= WHAT YOU ARE ASKED TO DO =
The line containing "Diese Herren-Trainingshose von", and every line after it to the end of the listing, should be repeated exactly; the pictures should not.

= DATASET CONTENT =
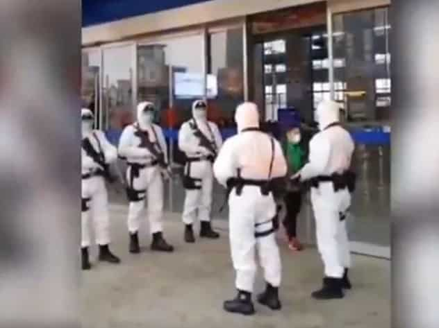 Hình ảnh tại địa phương: cảnh sát vũ trang tay cầm súng trường tự động đang mặc quần áo phòng hộ đứng gác tại bến xe ở Vũ Hán (Ảnh chụp màn hình video)
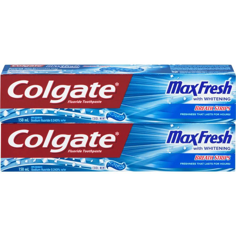 Colgate Max Fresh Whitening Fluoride Gel Toothpaste, Cool Mint (300 g, 2 ct)
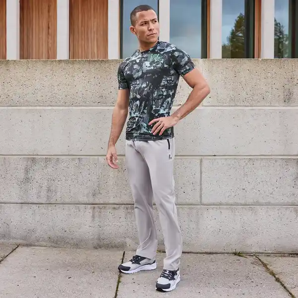 Diese Herren-Trainingshose von Sports überzeugt mit ihrem funktionalen Mikrofaser-Material. Das Modell bietet dank elastischem Bund mit Kordelzug eine individuelle Passform und sorgt durch praktische Reißverschlusstaschen für sicheren Stauraum bei jeder Aktivität. Die bügelfreie, atmungsaktive Qualität unterstützt ein angenehmes Tragegefühl beim Sport. Sportliches Design mit Logoprint Gerader, komfortabler Schnitt Elastischer Bund mit Kordelzug Seitentaschen mit Reißverschluss Atmungsaktiv, schnelltrocknend, bügelfrei
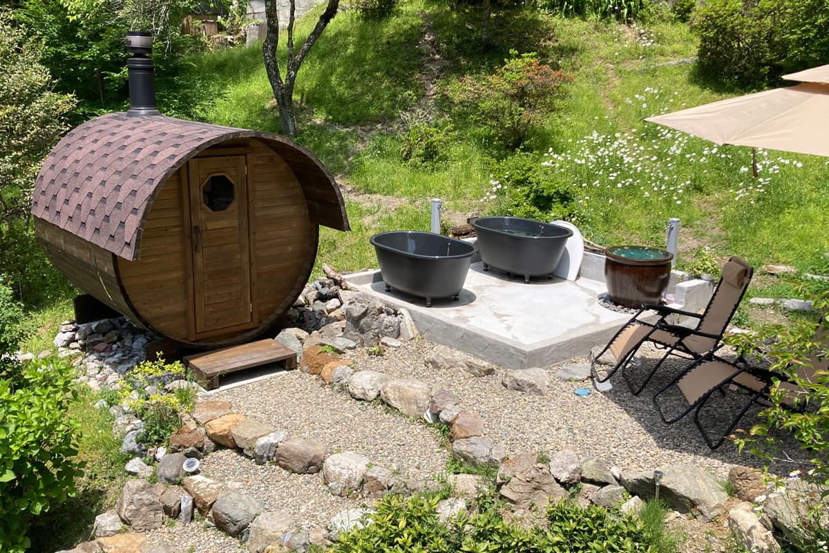 西山荘 笑美亭のバレルサウナは時間制の貸切りです。他の方とのバッティングがないので自分たちのペースでドライサウナ&ロウリュウ&水風呂&外気浴をお楽しみいただけます。

= ANSWER TO THIS TASK =
 Diese Herren-Trainingshose von Sports überzeugt mit ihrem funktionalen Mikrofaser-Material. Das Modell bietet dank elastischem Bund mit Kordelzug eine individuelle Passform und sorgt durch praktische Reißverschlusstaschen für sicheren Stauraum bei jeder Aktivität. Die bügelfreie, atmungsaktive Qualität unterstützt ein angenehmes Tragegefühl beim Sport. Sportliches Design mit Logoprint Gerader, komfortabler Schnitt Elastischer Bund mit Kordelzug Seitentaschen mit Reißverschluss Atmungsaktiv, schnelltrocknend, bügelfrei
 西山荘 笑美亭のバレルサウナは時間制の貸切りです。他の方とのバッティングがないので自分たちのペースでドライサウナ&ロウリュウ&水風呂&外気浴をお楽しみいただけます。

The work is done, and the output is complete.